Summation, which includes both spatial and temporal summation, is the process that determines whether or not an action potential will be triggered by the combined effects of excitatory and inhibitory signals, both from multiple simultaneous inputs (spatial summation), and from repeated inputs (temporal summation). Depending on the sum total of many individual inputs, summation may or may not reach the threshold voltage to trigger an action potential.
Neurotransmitters released from the terminals of a presynaptic neuron fall under one of two categories, depending on the ion channels gated or modulated by the neurotransmitter receptor. Excitatory neurotransmitters produce depolarization of the postsynaptic cell, whereas the hyperpolarization produced by an inhibitory neurotransmitter will mitigate the effects of an excitatory neurotransmitter.
Neurons can only excite or inhibit other neurons (or bias the excitability of each other through modulatory transmitters). Given these two basic actions, a chain of neurons can produce only a limited response. A pathway can be facilitated by excitatory input; removal of such input constitutes disfacilitation. A pathway may also be inhibited by inhibitory input. Removal of such input constitutes disinhibition, which, if other sources of excitation are present in the inhibitory input, can augment excitation.
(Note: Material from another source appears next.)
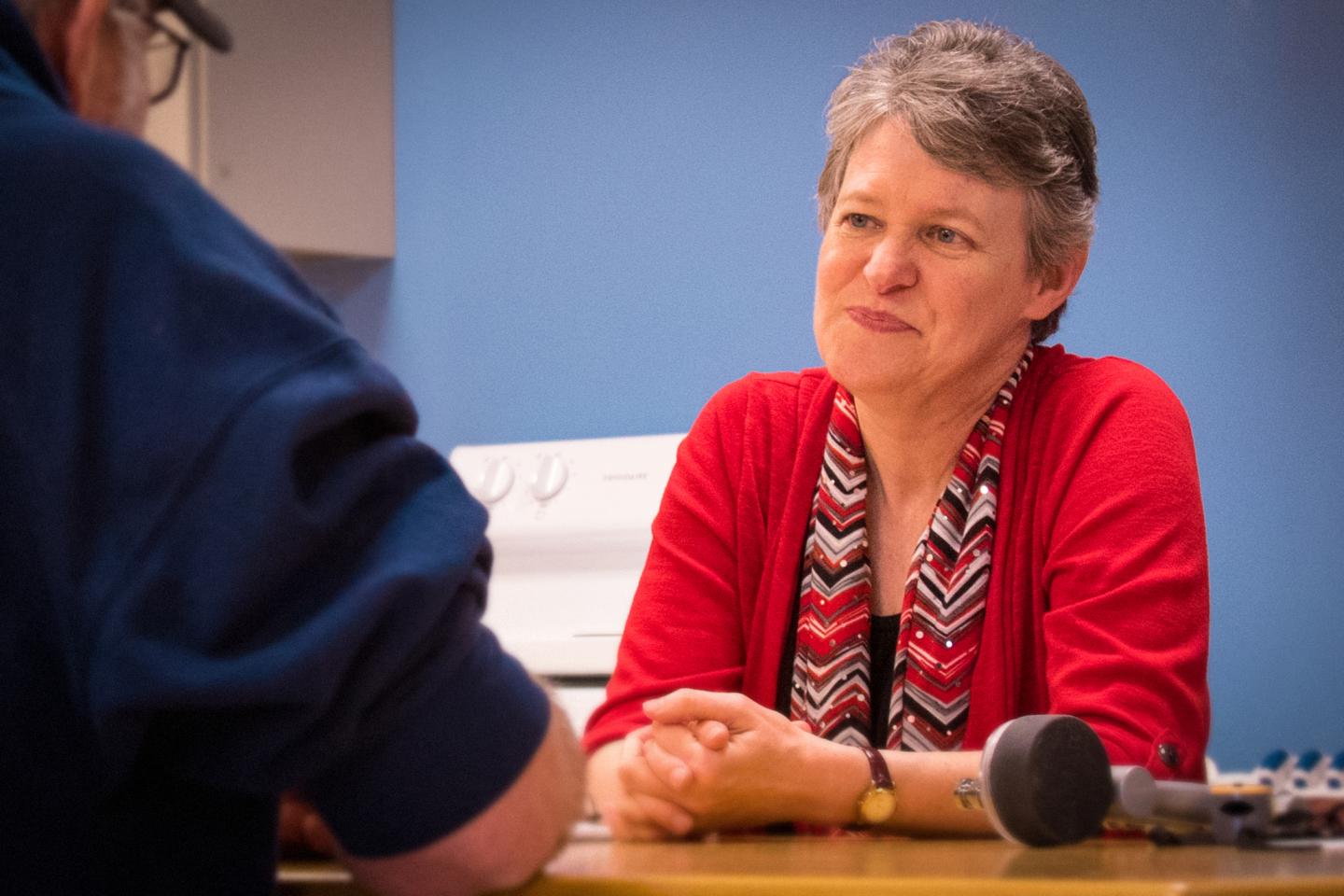 image: Anne Swisher--a professor with the WVU Division of Physical Therapy--works with a patient. Swisher and her colleagues enhanced WVU's physical therapy instruction to emphasize the profession's role in addressing opioid use disorder.

When a given target neuron receives inputs from multiple sources, those inputs can be spatially summated if the inputs arrive closely enough in time before the influence of each has decayed. If a target neuron receives input from a single axon terminal and that input occurs repeatedly at short intervals, the inputs will summate temporally.
The nervous system first began to be encompassed within the scope of general physiological studies in the late 1800s, when Charles Sherrington began to test the electrical properties of neurons. His main contributions to neurophysiology involved the study of the knee-jerk reflex and the inferences he made between the two reciprocal forces of excitation and inhibition. He postulated that the site of this modulatory response occurs at the intercellular space of a unidirectional pathway of neural circuits. He first introduced the possible role of evolution and neural inhibition with his suggestion that “higher centers of the brain inhibit the excitatory functions of the lower centers”.